What are the patterns we are looking for in our building designs? And can babies help us discover them? Eleanor Young investigates

Where do we see faces in architecture? Certainly on the Face House in Kyoto.
Where do we see faces in architecture? Certainly on the Face House in Kyoto. Credit: iStock | georgeclerk

What do babies spend time looking at? Faces were long thought to be what would draw their attention most. But one research project has shown that babies spend more time looking at a picture of a building. 

Anna Franklin of the Sussex Baby Lab has also shown that babies spend significantly more time looking at complex structures with arches and flourishes than similar, but plainer, images of buildings when they are shown the two together. 

Listening to Franklin, watching her video of a baby’s slow eyes lingering, I wonder what this means. Are the babies puzzling out the details looking for signs of the imprint of faces; is the arch and window combination an eye? 

If so, where is the nose? And the mouth? Are they hoping it will fall into place?

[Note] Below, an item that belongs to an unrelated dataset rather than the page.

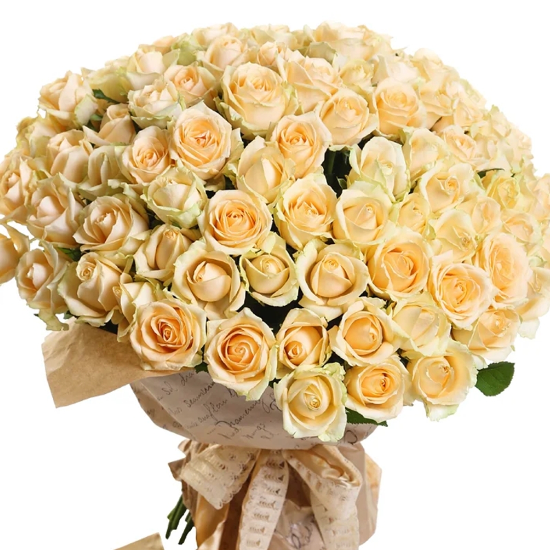 Букет из 101 кремовой розы в крафте

Like the Face House in Kyoto, Japan, by Kazumasa Yamashita, or the rather less sophisticated, and less well known, Transformer House, in Koenigswinter, Germany. With the compound face-i-tecture making me smile a little, I started on a hunt for social media accounts devoted to sharing pictures of such friendly buildings.

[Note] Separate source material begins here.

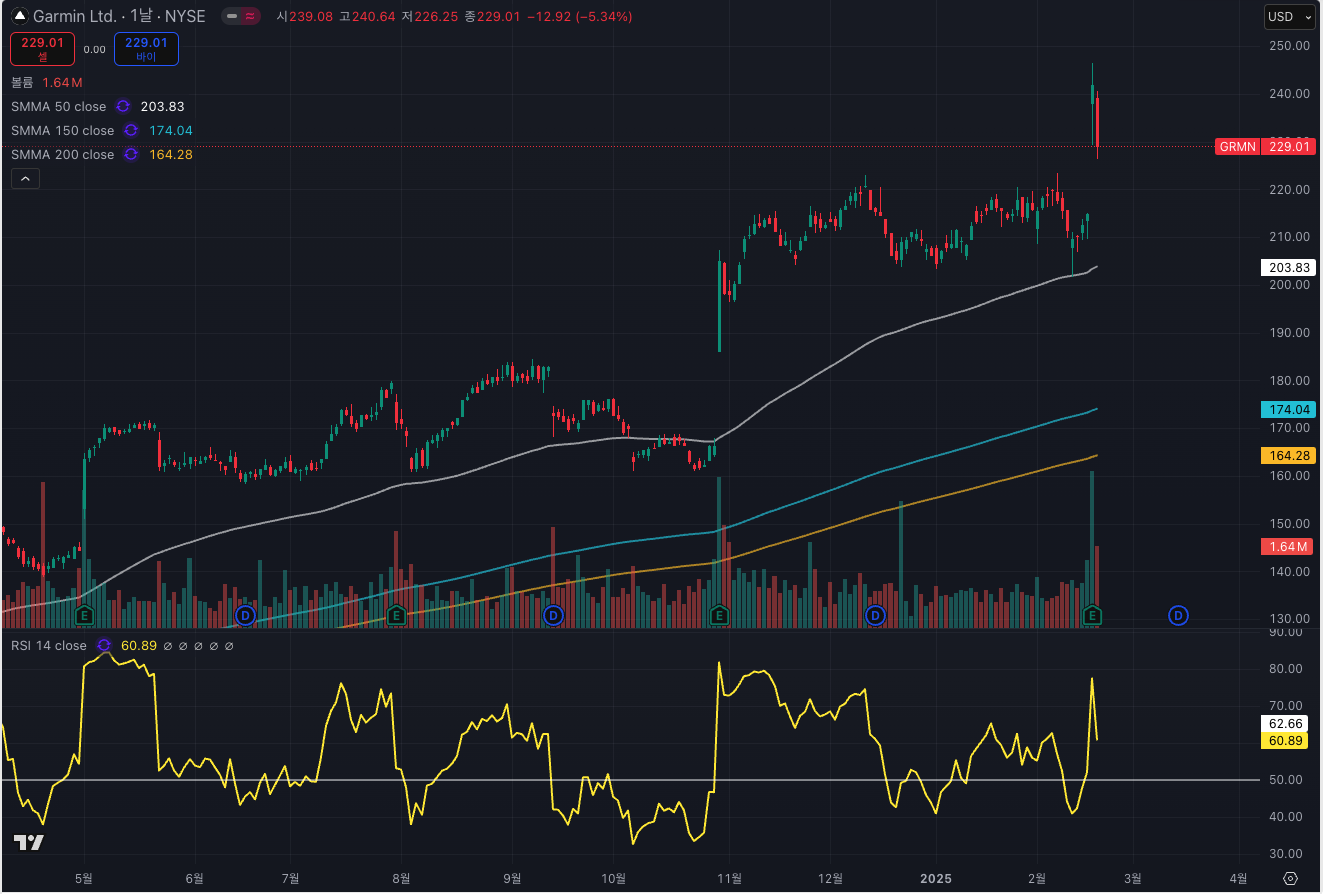 Garmin Ltd. (GRMN)은 수직 통합, 강력한 연구개발 투자 및 다양한 제품 포트폴리오를 바탕으로 GPS 내비게이션 및 웨어러블 기술 시장에서 강력한 위치를 유지하고 있습니다. 글로벌 GPS 시장은 2023년부터 2032년까지 연평균 16% 성장할 것으로 예상되며, 웨어러블 기술 부문은 2024년부터 2033년까지 13.58%의 CAGR로 확장되고 있습니다. Garmin은 GPS 기기에서 35.2%, 피트니스 웨어러블에서는 28.7%의 시장 점유율을 보유하며 Apple과 Samsung과 경쟁하고 있습니다. 기술적 지표들은 강세 모멘텀을 시사하며, 2028년까지 주가가 243달러에서 265달러 사이로 예상됩니다.

Turns out two windows and the downturned mouth of an arched suburban porch – even with a perfectly placed snub nose of burglar alarm – don’t really cry out ‘face’ to me

It was a rather disappointing search, to be honest, and required a lot of squinting and imagination. I feel like I have seen more convincing faces in architecture when caught unawares around the city. 

Turns out two windows and the downturned mouth of an arched suburban porch – even with a perfectly placed snub nose of burglar alarm – don’t really cry out ‘face’ to me, although eyelid sun canopies help. Though I did uncover the phrase ‘facial pareidolia’, which can also apply to seeing Jesus in a drainpipe in Coventry (true story, see the Coventry Telegraph – and Daily Mail – in 2010).

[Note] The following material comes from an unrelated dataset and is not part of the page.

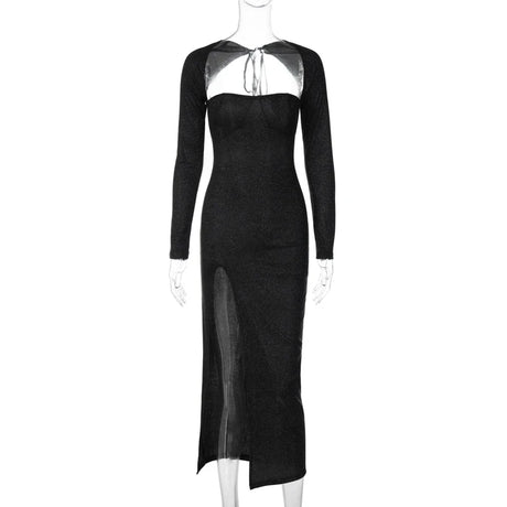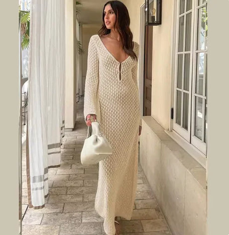 Elegant Sheer V-Neck Knitted Beach Dress – Long Sleeve Cover-Up for Summer & Fall

I am not sure where faces would fit into the hierarchy of Christopher Alexander’s 253 patterns, as laid out in his Pattern Language. The book goes deep behind and beyond the elevation of a building, evoking places to dwell, like the alcove or sunny counter. Alexander writes: ‘Many of the patterns here are archetypal – so deep, so deeply rooted in the nature of things that it seems likely that they will be a part of human nature, and human action, as much in 500 years as they are today.’ 

So forget about my diversion into architecture and facial features – those babies are searching for archetypal features in buildings, a language of both safety and nurture; power and joy as Alexander would have put it. Now all we need is to set up an experiment to test that hypothesis.